Predictive Analytics- The Book

(Updated with comments from Dr Graham in the comments section )


I have often talked about how the Graphical User Interface ,Rattle for R language makes learning R and building models quite simple. Rattle‘s latest version has been released and got extensive publicity including in KD Nuggets .I wrote to it’s creator Dr Graham, and he agreed for an extensive interview explaining data mining, its evolution and the philosophy and logic behind open source languages like R as well as Rattle.

Dr Graham Williams is the author of the Rattle data mining software and Adjunct Professor, University of Canberra and Australian National University.  Rattle is available from rattle.togaware.com.

Ajay - Could you describe your career journey . What made you enter this field and what experiences helped shape your perspectives . What would your advice be to young professionals entering this field today.

Graham - With a PhD in Artificial Intelligence (topic: combining multiple decision trees to build ensembles) and a strong interest in practical applications, I started out in the late 1980’s developing expert systems for business and government, including bank loan assessment systems and bush fire prediction.

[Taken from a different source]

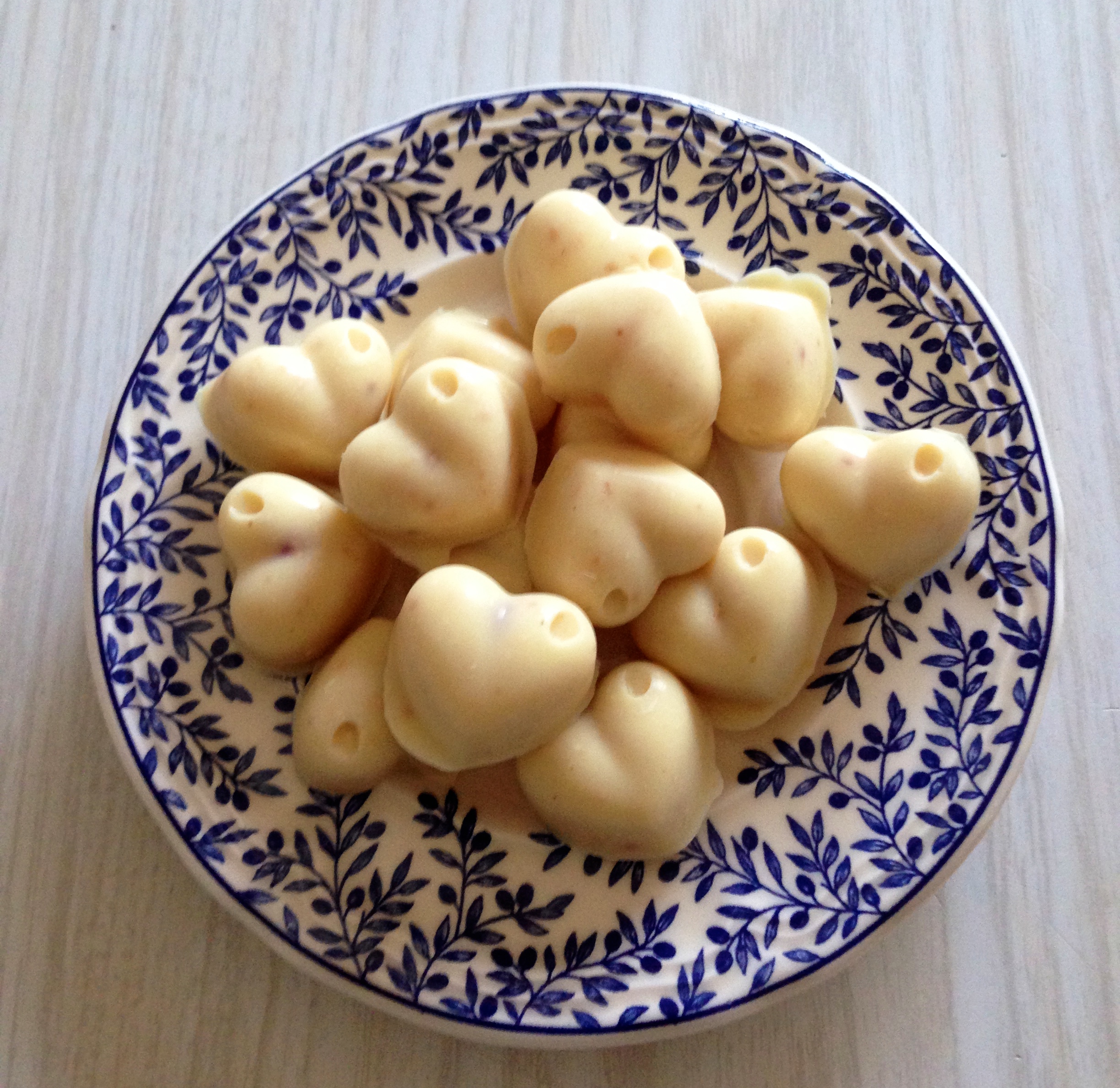 Bueno para esta receta necesitamos moldes de bombon en forma de corazón.
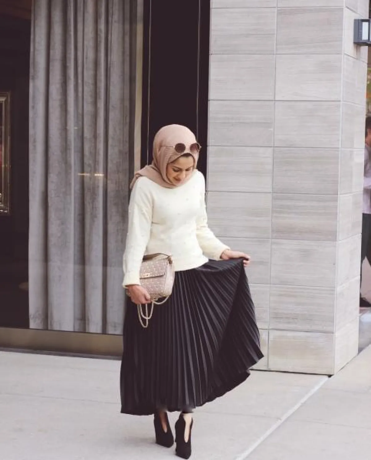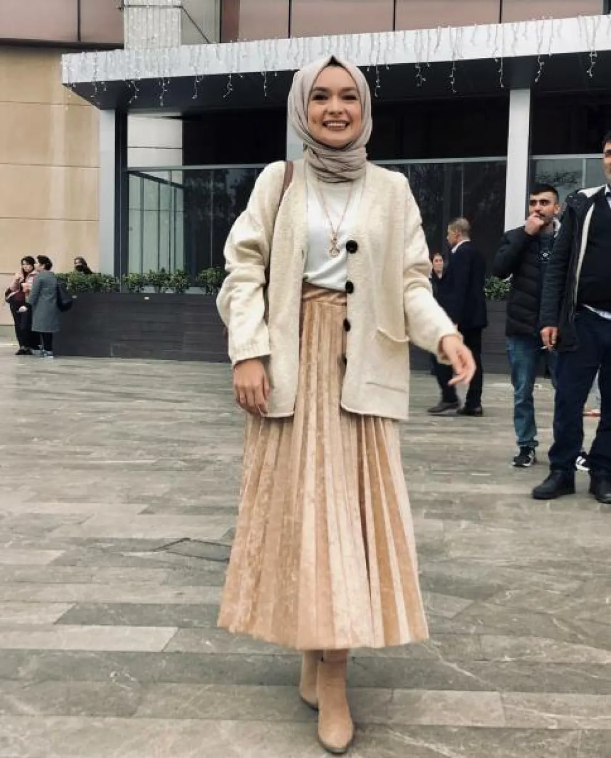 - مع الغالبية الساحقة للـ تنورة المكسرة لابد أنكِ تملكين أكثر من قطعة من هذه الصيحة الرائجة، ولكن عليكِ إعتماد تنورة بليسيه من المخمل لتواكبي إتجاهات شتاء 2019، ونسقيها مع توب أبيض وكارديغان قصير من نفس اللون.

When data mining emerged as a discipline in the early 1990’s I was involved in setting up the first data mining team in Australia with the government research organization (CSIRO). In 2004 I joined the Australian Taxation Office and provide the technical lead for the deployment of its Analytics team, overseeing the development of a data
mining capability. I have been teaching data mining at the Australian National University (and elsewhere) since 1995 and continue to do so.

The business needs for Data Mining and Analytics continues to grow, although courses in Data Mining are still not so common. A data miner combines good backgrounds in Computer Science and Statistics. The Computer Science is too little emphasized, but is crucial for skills in developing repeatable procedures and good software engineering
practices, which I believe to be important in Data Mining.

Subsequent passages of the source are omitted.